What are the top tags for the first dimension - that is another interesting question.
I'm going to take a slightly different approach this time. I'm going to use np.argsort
, which returns indexes corresponding to the sorted order of a NumPy array. The last ones will be the largest values. If I argsort a row of the mt_svd.components_
matrix, it will sort the tags by that feature; I can use the tag IDs of the highest-valued tags to get the tag names from the tag index.
Let's go!
tag_idx[np.argsort(mt_svd.components_[0, :])[-5:]]
Index(['funny', 'based on a book', 'atmospheric', 'sci-fi', 'action'], dtype='object')
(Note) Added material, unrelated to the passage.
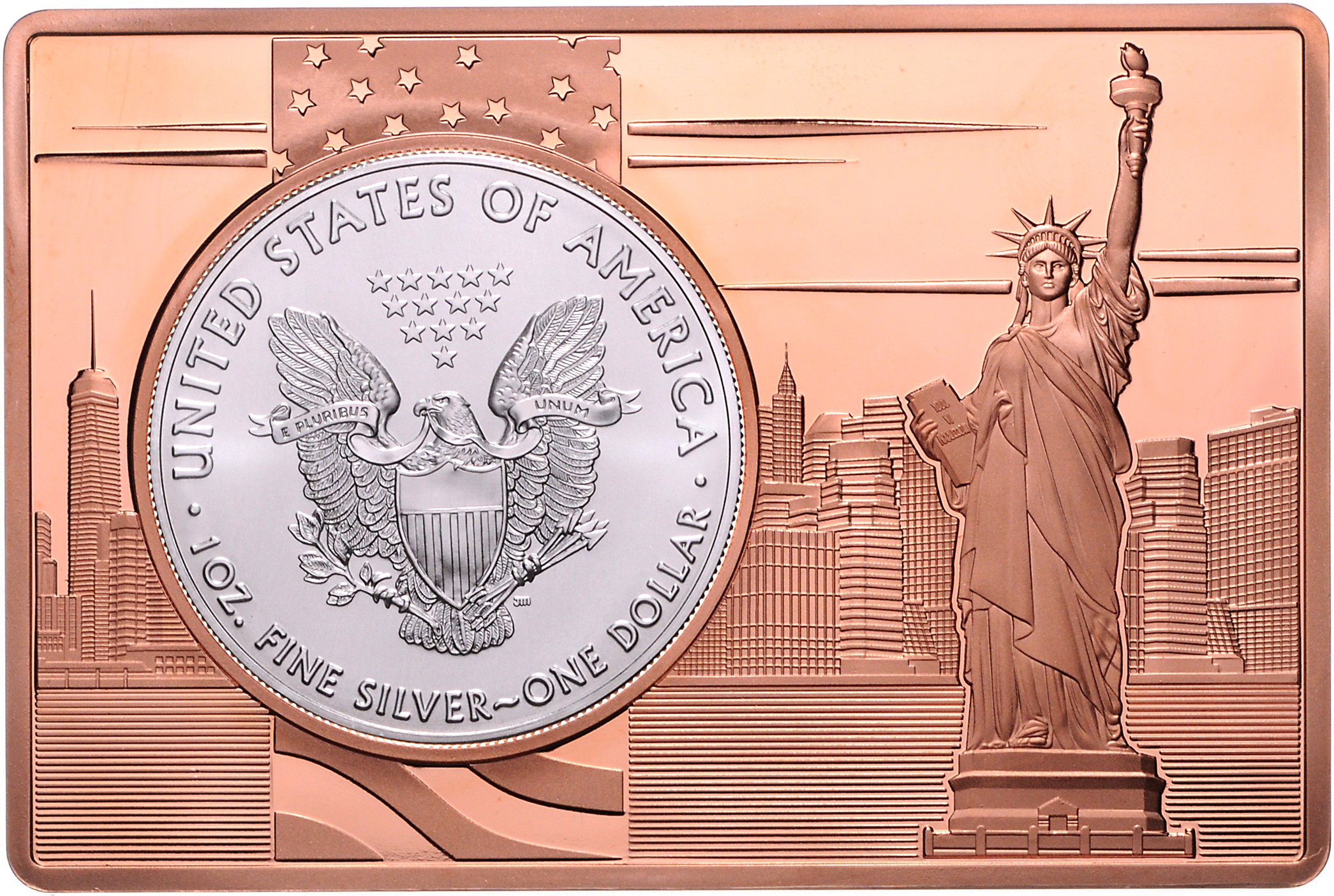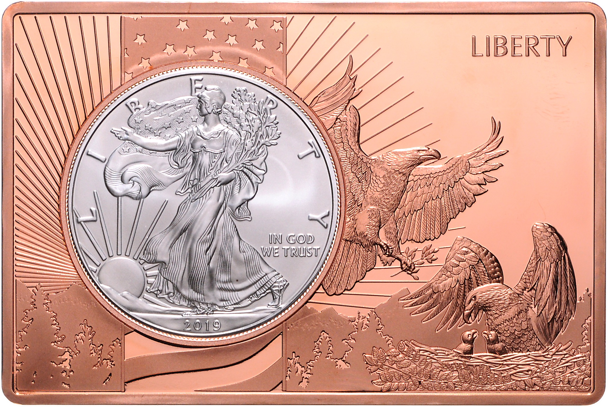Walking Liberty Bar 2019 1 Unze-Silbermünze in 3 Unzen-Kupferbarren. Auflage 5000 Stück, in Originalverpackung. st

This means that movies with these tags will score highly on this feature.
Since there is a popularity component to our data (people add more tags to popular movies), there is a very good chance that the first feature will effectively be popularity.
Your Turn¶
We can also decompose the ratings matrix: users rating movies.
What are the top movies if we do that?